Let’s face the truth: clean code and clean architecture principles are not widely adopted or applied in practice. As such, dependency management is swept under the carpet even by those who create decent clean code in the rest of the project. For some reason, probably due to the limitations of the expressive power of the languages used in tools like Maven, producing clean project configuration files is considered as a second-class job, an unimportant task. In the meantime, neglecting to keep your pom.xml in order increases your overall technical debt like a snowball rolling down the hill. The amount of effort required to clean up things later (because inevitably the point in time when this becomes a necessary task arrives sooner or later) is considerably higher than investing some effort from the very beginning of creating a new project or module of your application and keeping things tidy every day.

In this article, I will consider three main topics:

  1. Malpractices related to dependencies and build configuration.
  2. Best practices for dependency management.
  3. Automated tools (primarily Maven plugins) that can help keep things in order.

Preface Blabbering

But first, before we start, let me fantasise a bit and bring your attention to the following statement I firmly believe: your build and dependency configuration (like pom.xml files) is the code. Hence, one ought to apply the same philosophy and best practices as for the rest of your project. Yet, as I mentioned earlier, the very XML used for Maven configuration has a number of limitations that prevent certain things from being expressed in a clearer and tidier way. Take, for example, code duplication. In certain cases it is inevitable that the same dependency, even with a parameterised version, is reused in multiple pom.xml files of your project. How cool would it be if we could define some dependency as a tailor-made tag, which is not only concise form of dependency declaration, but also a self-explanatory piece of code, for example:

in one place we could redefine the commons-lang dependency

<dependency>
<groupId>org.apache.commons</groupId>
<artifactId>commons-lang3</artifactId>
<version>3.14.0</version>
</dependency>

as simple as

<commons-lang3/>

I saw many cases where much more obscure dependencies were used in the project. Sometimes their presence is absolutely unclear. They have runtime scope, and discovering their need happens only when you run your application.
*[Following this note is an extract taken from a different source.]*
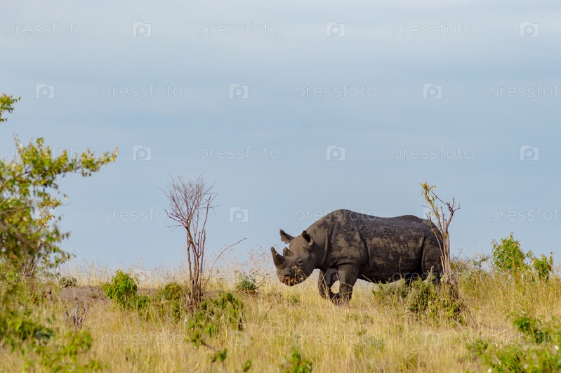 Носорог в саванне Масаи Мара парка в северной части Кении
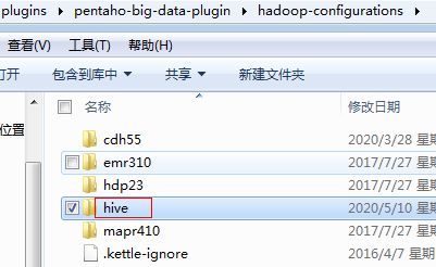 再进入kettle-6.1.0.1_07270\plugins\pentaho-big-data-plugin\hadoop-configurations目录

In many cases, what we all do is add a comment above such a dependency:

<!--
Don't delete this dependency, otherwise logging won't work
-->
<dependency>
<groupId>ch.qos.logback</groupId>
<artifactId>logback-classic</artifactId>
<version>1.2.11</version>
</dependency>

It would be great to be able to replace it with just

<logging-implementation/>

or even

<logging-implementation-do-not-delete/>

An alluring idea, don’t you think??

Well, these are just dreams. Quick research didn’t provide any examples of such an add-on to Maven. The main problem with this idea is that a custom Maven plugin doesn’t solve the issue of custom tags. The schema of the pom.xml document is hard-coded in the Maven engine, so it seems that without forking and recompiling the entire project this is not possible to do.

Never Do These Things

Bloody copy-paste

The most common root of an untidy Maven configuration is copy-paste. Yes, we all have been there. I myself have often been caught by an instinctive desire to copy an existing pom.xml file or its contents to create a new Maven module. We know, configuration can sometimes be a boring challenge, so why not take something that already does its job well?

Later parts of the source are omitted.